Exercise objective — Reproduce all of the entries below exactly, without images.

Records to process —
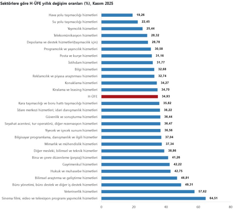 Yıllık bazda en dikkat çekici artış gayrimenkul hizmetlerinde yaşandı. Kasım ayında bir önceki yılın aynı ayına göre; ulaştırma ve depolama hizmetlerinde yüzde 31,51, konaklama ve yiyecek hizmetlerinde yüzde 36,00, bilgi ve iletişim hizmetlerinde yüzde 35,19, gayrimenkul hizmetlerinde yüzde 42,22, mesleki, bilimsel ve teknik hizmetlerde yüzde 39,35, idari ve destek hizmetlerde ise yüzde 38,49 artış gerçekleşti.
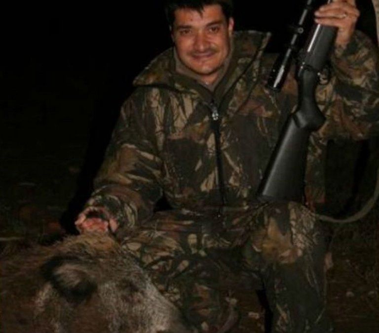 En la imagen de perfil de su WhatsApp el esposo de la artista aparece practicando la caza y sometiendo a un animal con su escopeta en mano.
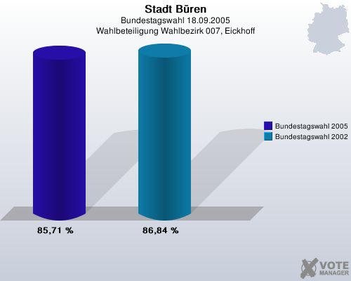 Stadt Büren, Bundestagswahl 18.09.2005, Wahlbeteiligung Wahlbezirk 007, Eickhoff: Bundestagswahl 2005: 85,71 %. Bundestagswahl 2002: 86,84 %. http://www.votemanager.de
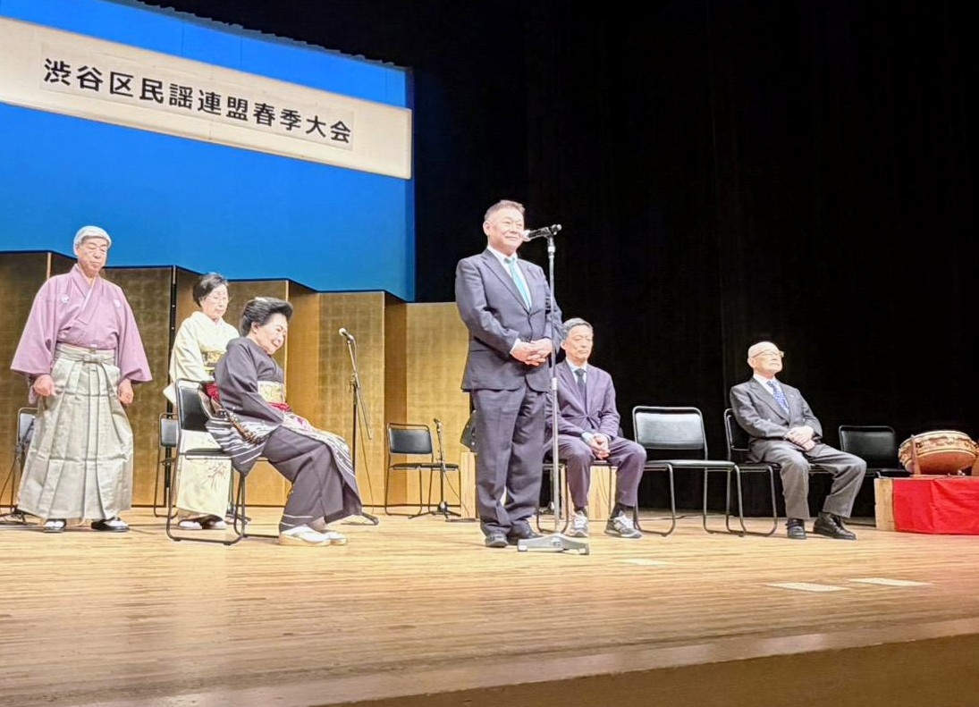 第69回渋谷区民謡連盟の春季大会に伺い、議長としてご挨拶いたしました。皆さんの温かい雰囲気の中で、地域に根ざした民謡・民舞の魅力や大切さを改めて感じる時間になりました。伝統・文化を守りながら、次の世代へつないでいこうという想いがとても印象的でした。
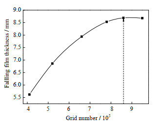 图 1为模型的网格独立性检验,采用1/4物理模型进行模拟计算,在满足精度的情况下缩短计算时间。从图 1中可以看出,随着网格数的增加,液膜厚度也增加,但增长速率逐渐降低。当网格数量增加到8.6×105时,液膜厚度几乎保持不变,因此选择网格数量约为8.6×105进行模拟计算[30]。
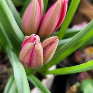 ミニチューリップ🌷 もうすぐパッカリと開くはず 一緒に植えたムスカリはまだのようです あらまぁ🤭 今年は球根たちの寄せ植えはそんなのばっかりでバラバラに咲いてしまう… それもまた楽しいけどね🤗

Solution for this task —
 Yıllık bazda en dikkat çekici artış gayrimenkul hizmetlerinde yaşandı. Kasım ayında bir önceki yılın aynı ayına göre; ulaştırma ve depolama hizmetlerinde yüzde 31,51, konaklama ve yiyecek hizmetlerinde yüzde 36,00, bilgi ve iletişim hizmetlerinde yüzde 35,19, gayrimenkul hizmetlerinde yüzde 42,22, mesleki, bilimsel ve teknik hizmetlerde yüzde 39,35, idari ve destek hizmetlerde ise yüzde 38,49 artış gerçekleşti.
 En la imagen de perfil de su WhatsApp el esposo de la artista aparece practicando la caza y sometiendo a un animal con su escopeta en mano.
 Stadt Büren, Bundestagswahl 18.09.2005, Wahlbeteiligung Wahlbezirk 007, Eickhoff: Bundestagswahl 2005: 85,71 %. Bundestagswahl 2002: 86,84 %. http://www.votemanager.de
 第69回渋谷区民謡連盟の春季大会に伺い、議長としてご挨拶いたしました。皆さんの温かい雰囲気の中で、地域に根ざした民謡・民舞の魅力や大切さを改めて感じる時間になりました。伝統・文化を守りながら、次の世代へつないでいこうという想いがとても印象的でした。
 图 1为模型的网格独立性检验,采用1/4物理模型进行模拟计算,在满足精度的情况下缩短计算时间。从图 1中可以看出,随着网格数的增加,液膜厚度也增加,但增长速率逐渐降低。当网格数量增加到8.6×105时,液膜厚度几乎保持不变,因此选择网格数量约为8.6×105进行模拟计算[30]。
 ミニチューリップ🌷 もうすぐパッカリと開くはず 一緒に植えたムスカリはまだのようです あらまぁ🤭 今年は球根たちの寄せ植えはそんなのばっかりでバラバラに咲いてしまう… それもまた楽しいけどね🤗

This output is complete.